Happily, things didn't turn out to be quite as difficult as I'd expected. I don't know what animal(s) had formed the trods through the first two miles of mountainous knotted-grass tussocks and bog, but by taking a path over the top of the lumpy bits and following those trods the going was a touch easier than it looked from a distance.
The second section, in contrast to the tussocky, rolling nothingness of the first, looked more like grazing land (so far the farmed land we've crossed has probably been 99.9% sheep farming, a notable number of fields full of horses, and just two fields of cows), and was more rugged. Our path was low-level and took us through many bogs as the rain and hail alternated with each other. But even so, I was rather enjoying the surroundings.
After a very confusing passage through a forest (the presence of waymarked bridleways which don't exist on the map served to cause the confusion, misdirection and backtracking), we arrived in Strata Florida, a place which comprises only a very small chapel, a very large graveyard, some abbey ruins, a car park and some toilets. The latter served us well, as I brewed up some tea in the shelter of the ladies and we sat in the lee of the building for our lunch. As an added bonus, there were hints of sunshine and the oppressive cloud cover of the last few days had become less threatening, fluffier clouds. I was even so brave as to take off my overtrousers!
After our third 'official footpath rerouting' of the day (I'm all for the diversion of footpaths such that they don't pass through farmyards, but it would be nice if the diversion was made clear before you've walked 250 yards too far!), we headed up into llyn country. Bizarrely, along the perfectly good track, there were waymarker posts galore. We'd seen none on the indistinct bridleway of the morning.

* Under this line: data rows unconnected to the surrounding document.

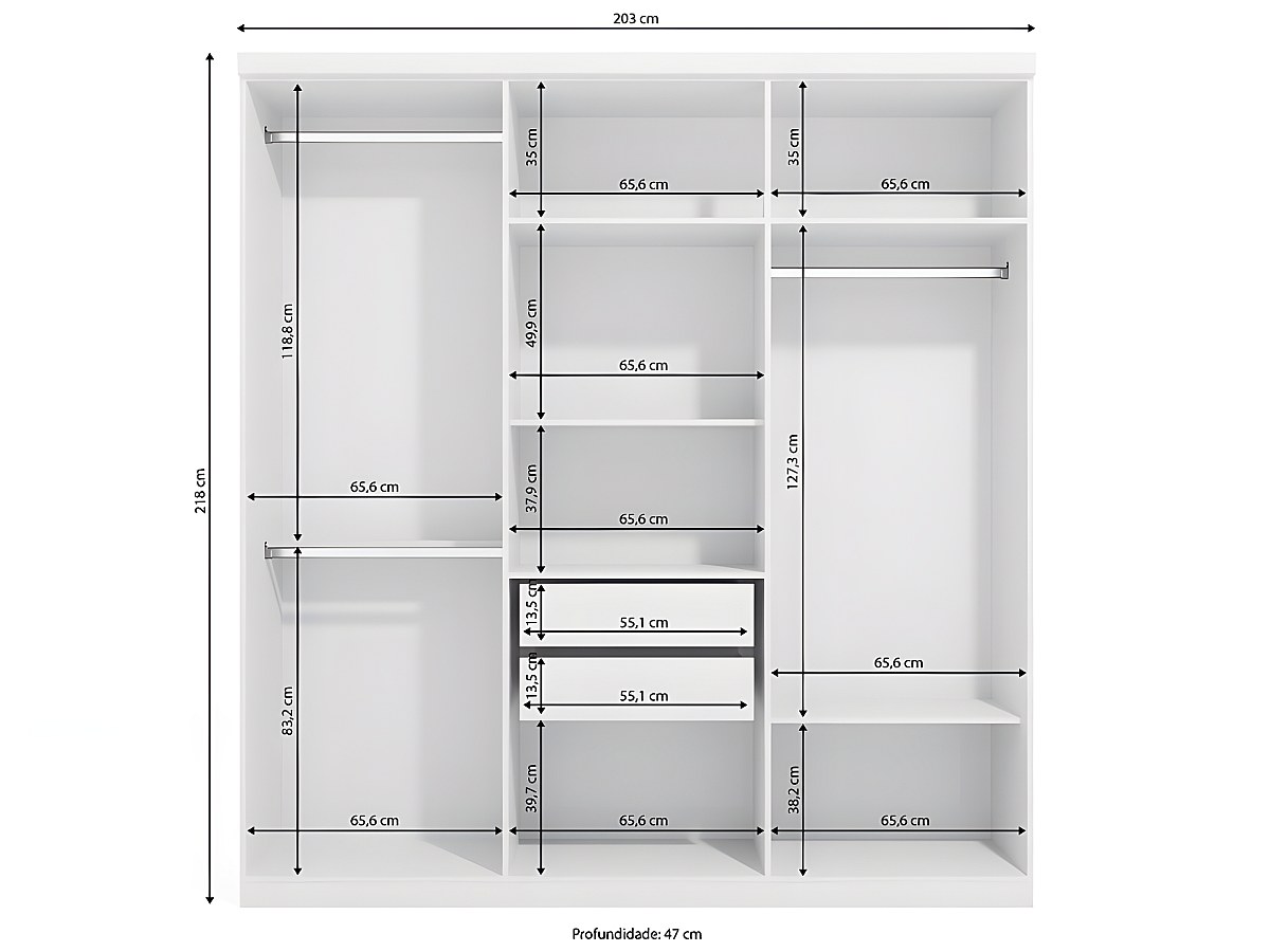 - Interno: 3 appendini, 1 portabiancheria (3 mensole), 2 cassetti
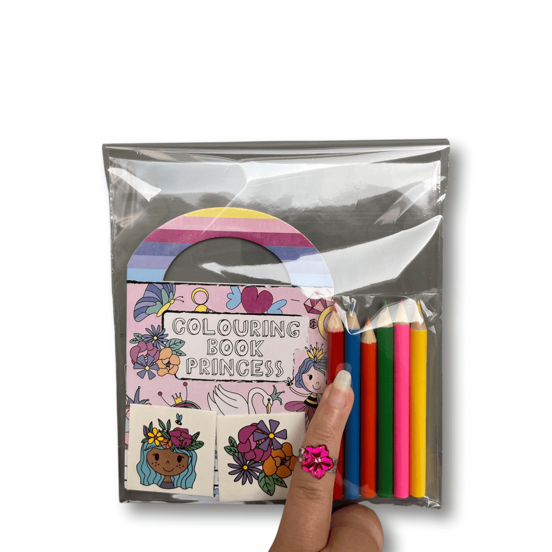 - Compleet: bestaande uit een kleurboekje, potloodjes of wasco, 2 stuks tattoo en een speeltje ( ring )
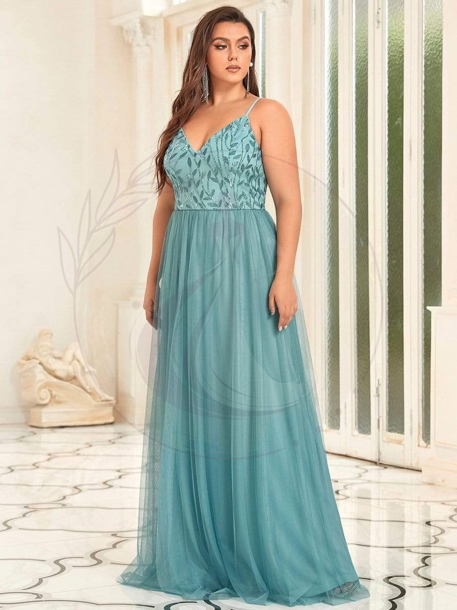 Faites sensation à l’événement avec cette sublime Tenue d’invitée pour mariages, exhibant un haut richement détaillé avec un dessin végétal étincelant de paillettes, accentué par des bretelles fines et élégantes, un décolleté en V profond et un dos échancré séduisant. La silhouette s’évase en une jupe ample plissée qui tombe gracieusement jusqu’au sol.
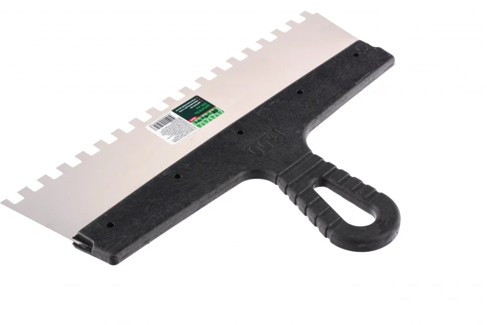 Шпатель Сибртех 85476 шириной 300 мм, из нержавеющей стали, с пластмассовой ручкой и зубьями 8 х 8 мм, применяется для равномерного нанесения клея при укладке мелкоформатной плитки, мозаики и т.д. Квадратные зубья облегчают нанесение клеевого состава, позволяя ровно и экономно распределять его по поверхности. Зубья размером 8 х 8 мм рассчитаны на плитку площадью 400-900 см2.ПреимуществаУпругое полотно — при изгибающих нагрузках шпатель быстро восстанавливает свою форму.Коррозионная стойкость — рабочее полотно выполнено из нержавеющей стали.Надежный хват — инструмент имеет эргономичную рельефную ручку.Удобство — рукоятка выполнена с небольшим наклоном для комфортного нанесения и выравнивания растворов.Практичное хранение — в рукоятке предусмотрено отверстие для подвешивания шпателя.
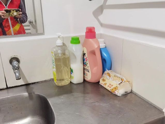 我随即带领寝室成员整改:用清洁剂擦洗饮水机恢复洁净,对台盆下物品分类整理、分开存放清洁用品并清除闲置纸箱,同时演示日常清洁与收纳技巧。
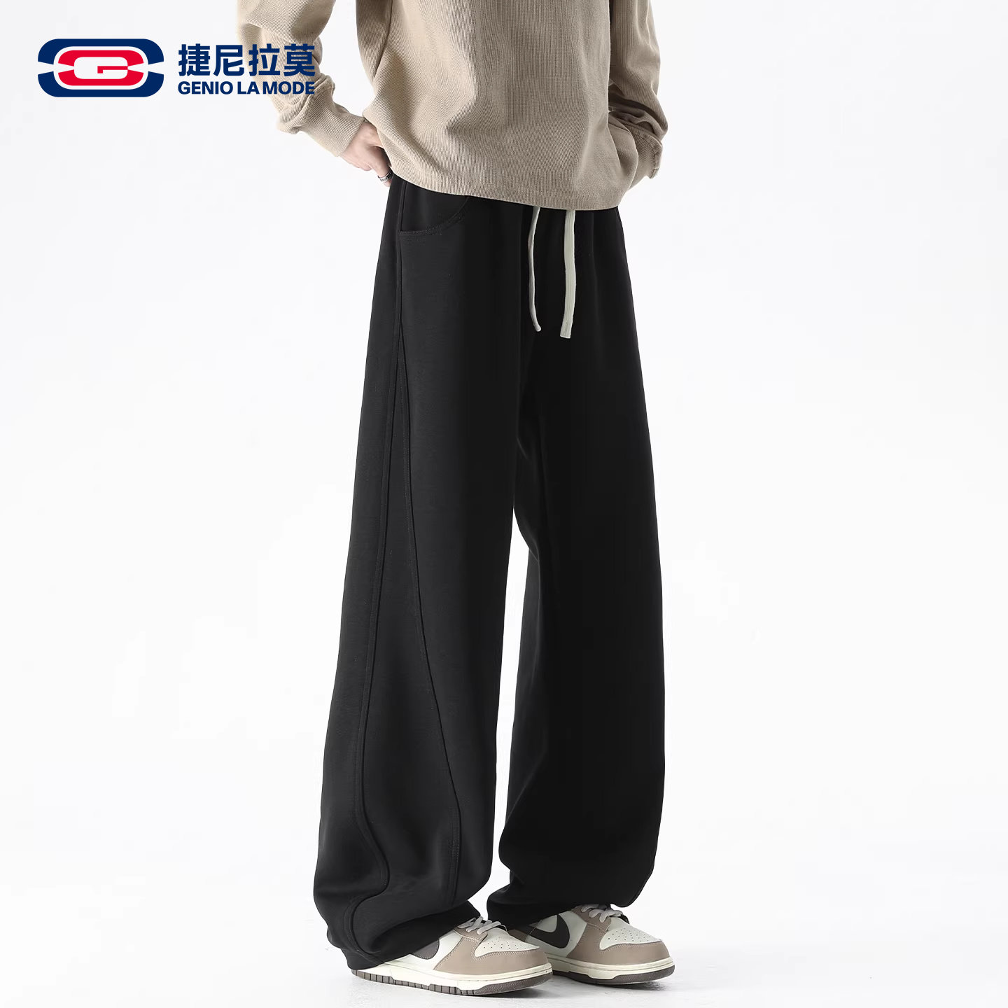 GENIOLAMODE black straight-leg casual pants men's spring new scimitar sweatpants
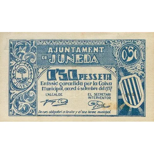 AJUNTAMENT DE JUNEDA 0`50 PESSETA Emissió garantida per la Caixa Municipal, acord 4 setembre del 1937 De curs obligatori a la vila y el seu terme municipal (Translation: City Council of Juneda 0.50 Peseta Issue guaranteed by the `Caixa Municipal`, agreement September 4, 1937 Mandatory course in the town and its municipality) |

After a little road section, we got to the fourth part of the day, which I expected to see us down to 1mph. It's lumpy bumpy terrain, with no paths marked and with the suggestion of bogginess (yes, more!). That section turned out to be a positive joy.
First there was the stumbling across of a bothy. Often when we see a remote building marked on a map I'll joke about it being a bothy whereas usually it's a ruin or a sheepfold. It hadn't even crossed my mind that this one would be anything interesting, but it turned out to be a bothy with a gas cooker, hot and cold running water and a flush toilet. With two chaps, John and Mike in residence, and with a massive fire burning, it was so very tempting to stay.
We did stay for a cup of tea and a chat, and mumbled about the possibility of cutting short and getting up mega early in the morning to make up the distance. However, tomorrow is looking to be another hard day (as is every day except Saturday week, actually), and the desire not to make it even harder won over the desire for another night of comfort.
To round off the day nicely, the arduous yomp to our night stop turned out to be a reasonably straight forward yomp. Like this morning, by taking a line over the tops of some lumps we avoided the worst off the tussocks and bogs and found vehicle tracks for much of the way.
We had wanted to walk a little bit further than we have, but we employed the rule of 'if you see a really good pitch within half a mile of the end of the day (or within half an hour of sundown), then use it'. It's a tad breezy, having no shelter at all, and that wind is chilling indeed, but it's a good pitch in a spectacular spot in this lumpy landscape speckled with llyns.
So, another enjoyable day inspite of the weather (and the constant wading through bogs). I imagine there'd be superlatives galore if we could have a day of sunshine!